- **Exercise instructions**: What is needed is a word-for-word copy of the lines below from the one with "12月のテーマは冬景色と花で" through the one with "Done. Now I", both included, with every picture left out.

- **Material for this task**:
BEGIN

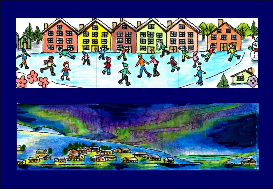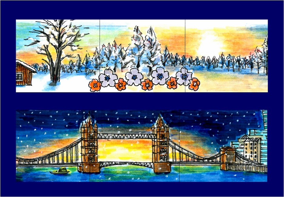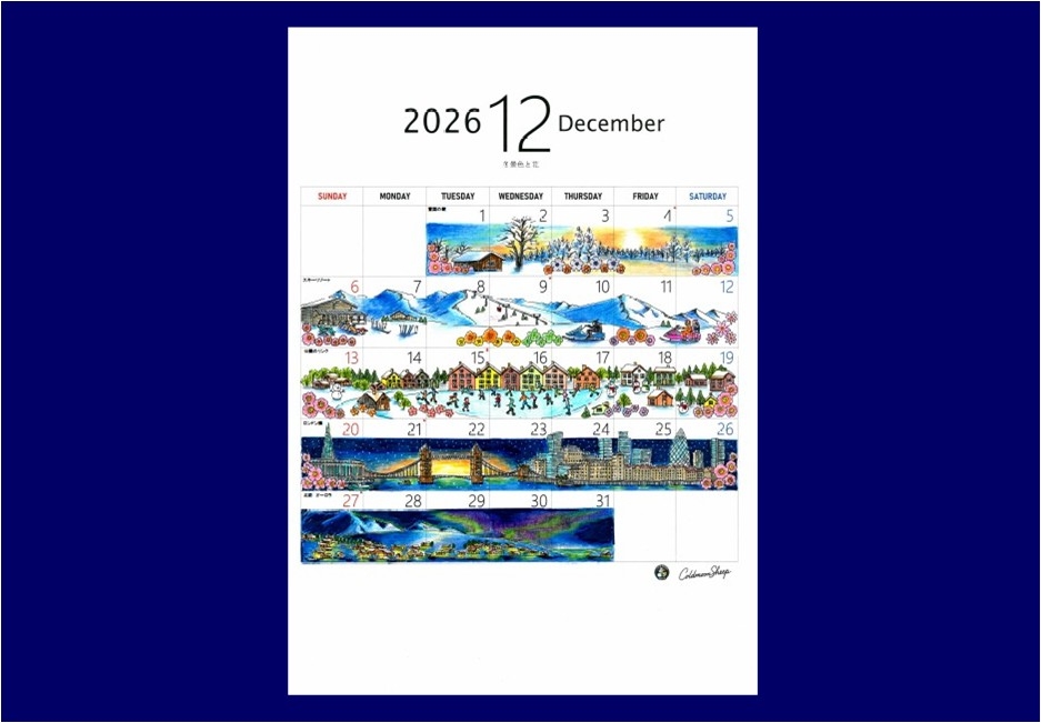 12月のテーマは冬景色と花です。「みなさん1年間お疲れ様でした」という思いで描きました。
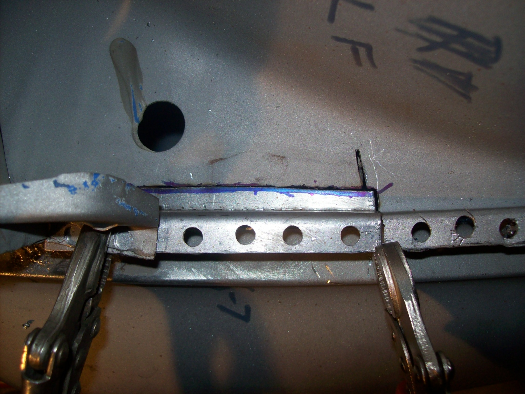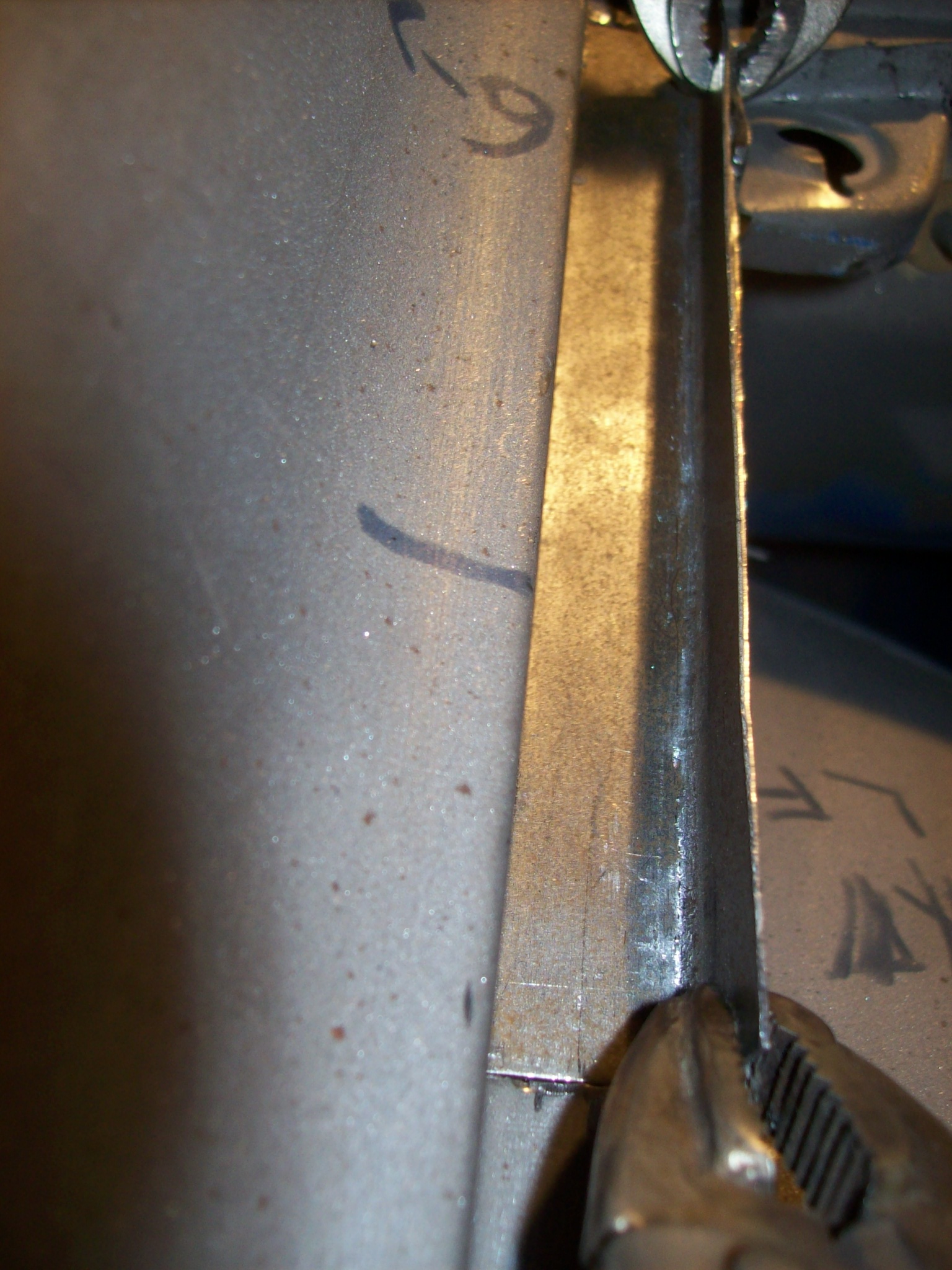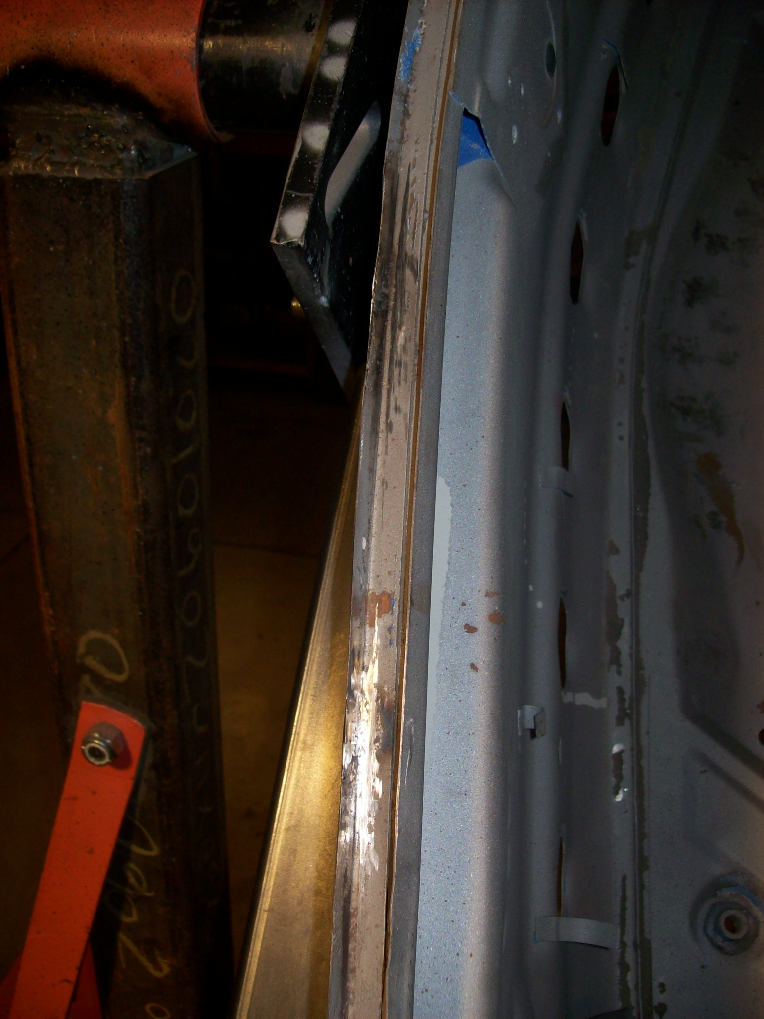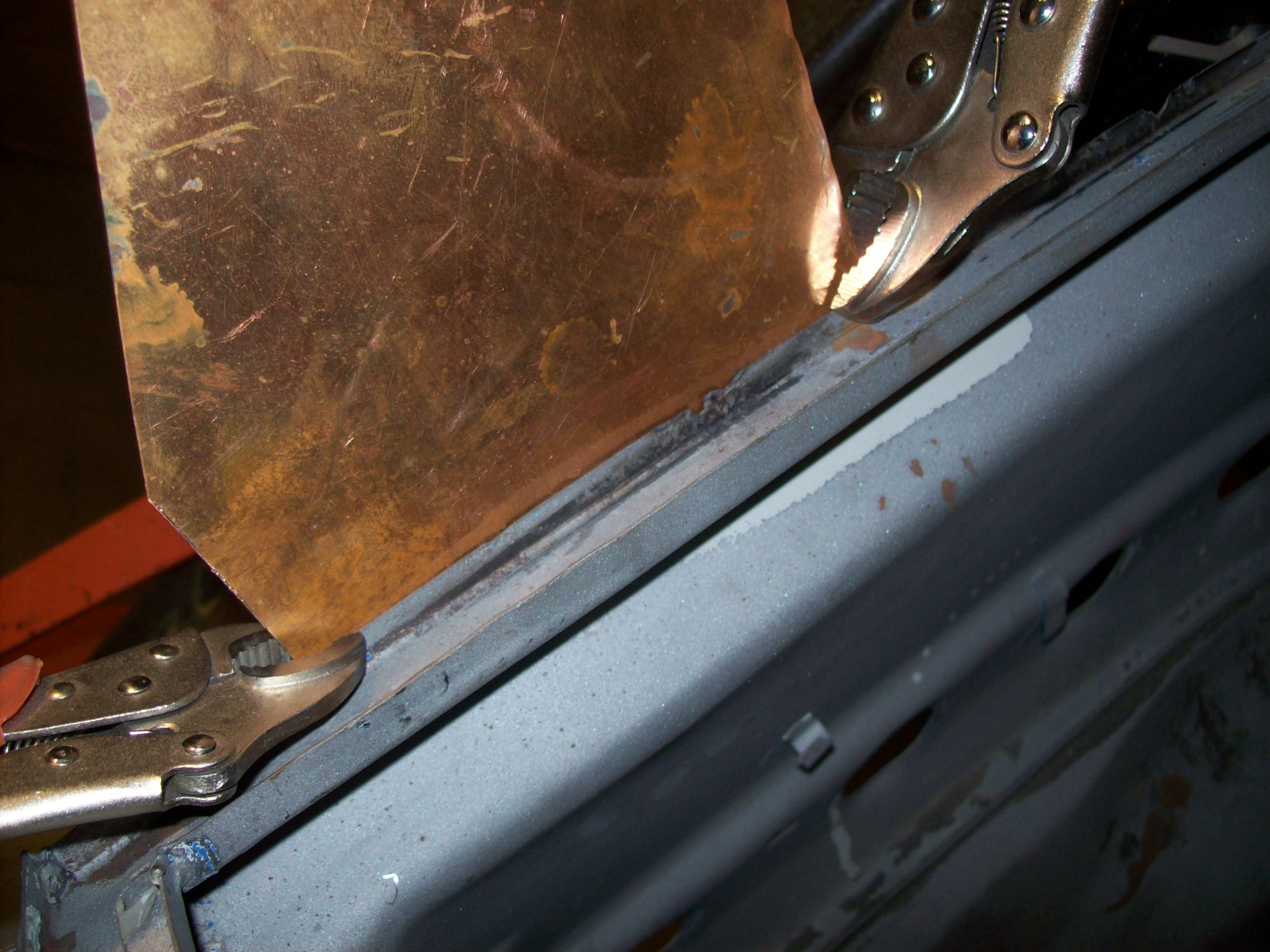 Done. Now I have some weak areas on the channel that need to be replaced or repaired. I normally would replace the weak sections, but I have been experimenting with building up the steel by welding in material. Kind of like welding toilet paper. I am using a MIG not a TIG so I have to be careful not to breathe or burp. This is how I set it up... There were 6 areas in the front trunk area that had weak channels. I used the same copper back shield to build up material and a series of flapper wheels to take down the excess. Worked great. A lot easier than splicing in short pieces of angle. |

END
BEGIN

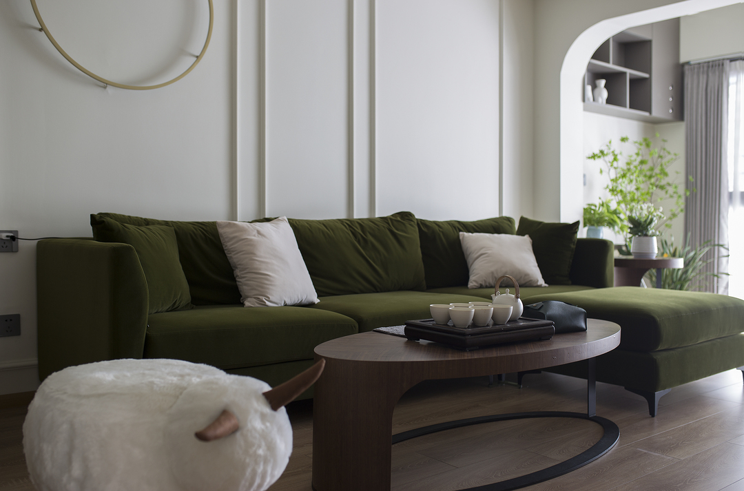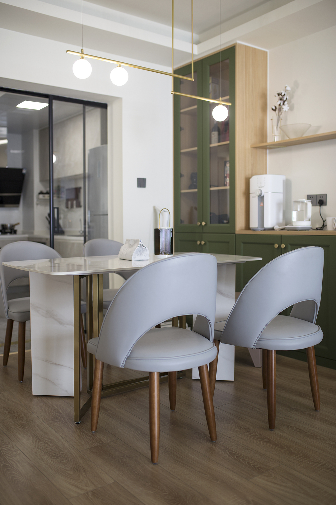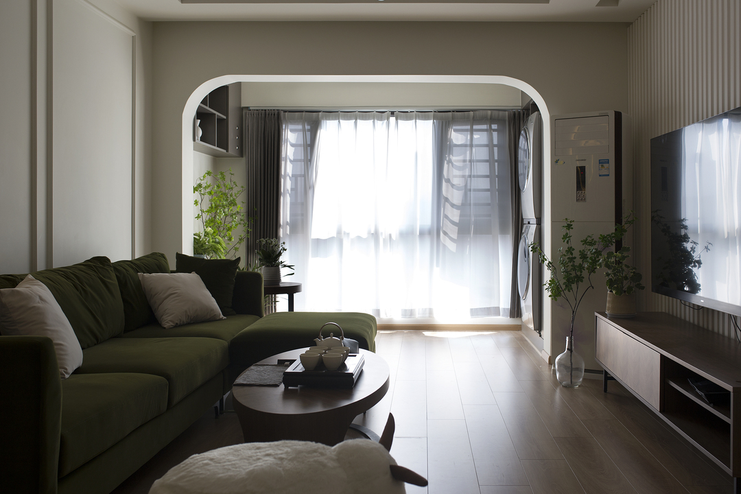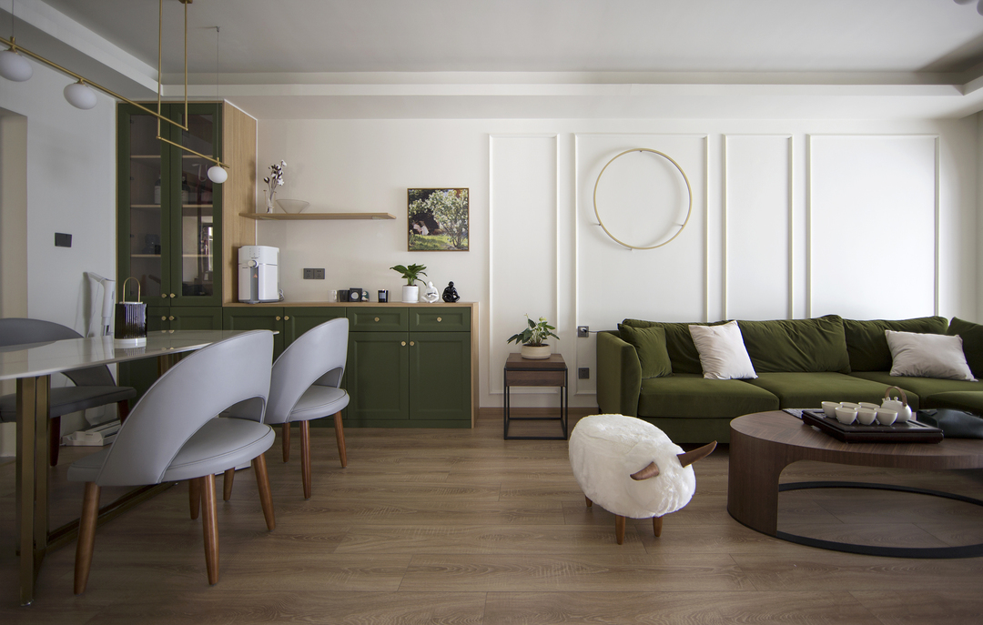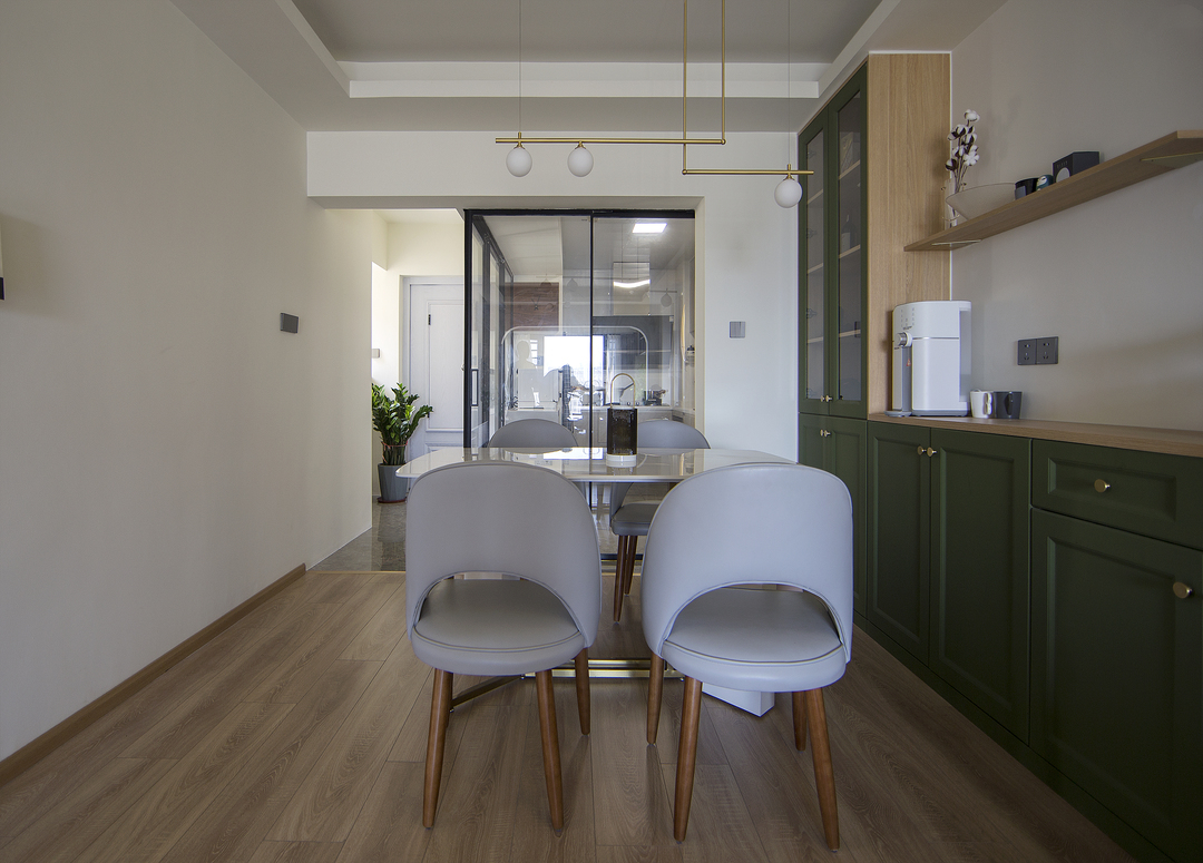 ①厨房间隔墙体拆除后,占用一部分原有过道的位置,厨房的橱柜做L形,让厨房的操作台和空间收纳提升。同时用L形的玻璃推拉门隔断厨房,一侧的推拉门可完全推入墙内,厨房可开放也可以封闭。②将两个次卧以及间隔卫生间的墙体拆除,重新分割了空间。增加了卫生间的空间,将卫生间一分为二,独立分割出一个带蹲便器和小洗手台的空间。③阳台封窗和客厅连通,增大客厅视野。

END
BEGIN

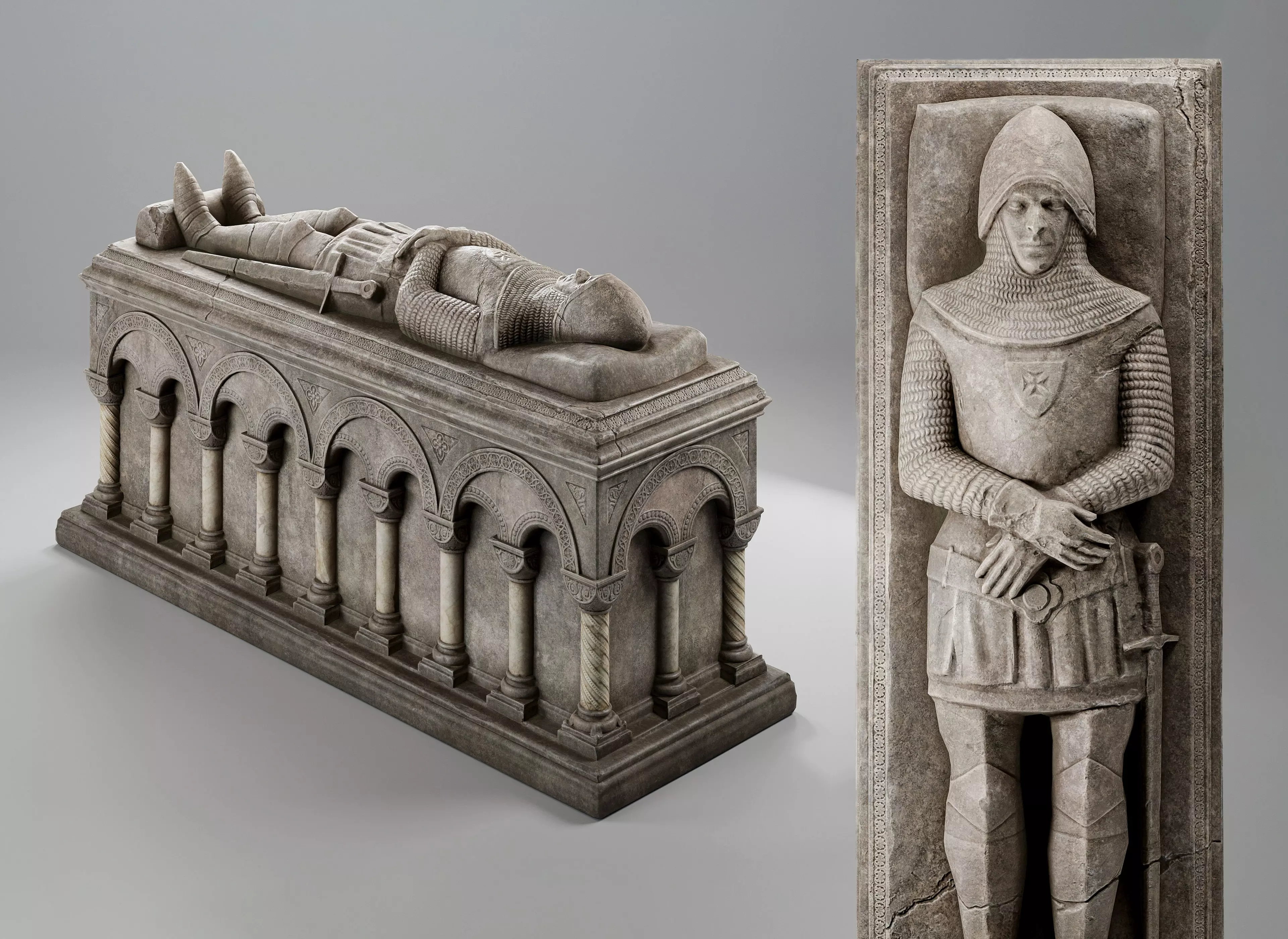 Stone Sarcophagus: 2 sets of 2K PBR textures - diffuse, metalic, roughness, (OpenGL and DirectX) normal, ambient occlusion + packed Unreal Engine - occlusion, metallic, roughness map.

END

- **Answer box**:
 12月のテーマは冬景色と花です。「みなさん1年間お疲れ様でした」という思いで描きました。
 Done. Now I have some weak areas on the channel that need to be replaced or repaired. I normally would replace the weak sections, but I have been experimenting with building up the steel by welding in material. Kind of like welding toilet paper. I am using a MIG not a TIG so I have to be careful not to breathe or burp. This is how I set it up... There were 6 areas in the front trunk area that had weak channels. I used the same copper back shield to build up material and a series of flapper wheels to take down the excess. Worked great. A lot easier than splicing in short pieces of angle. |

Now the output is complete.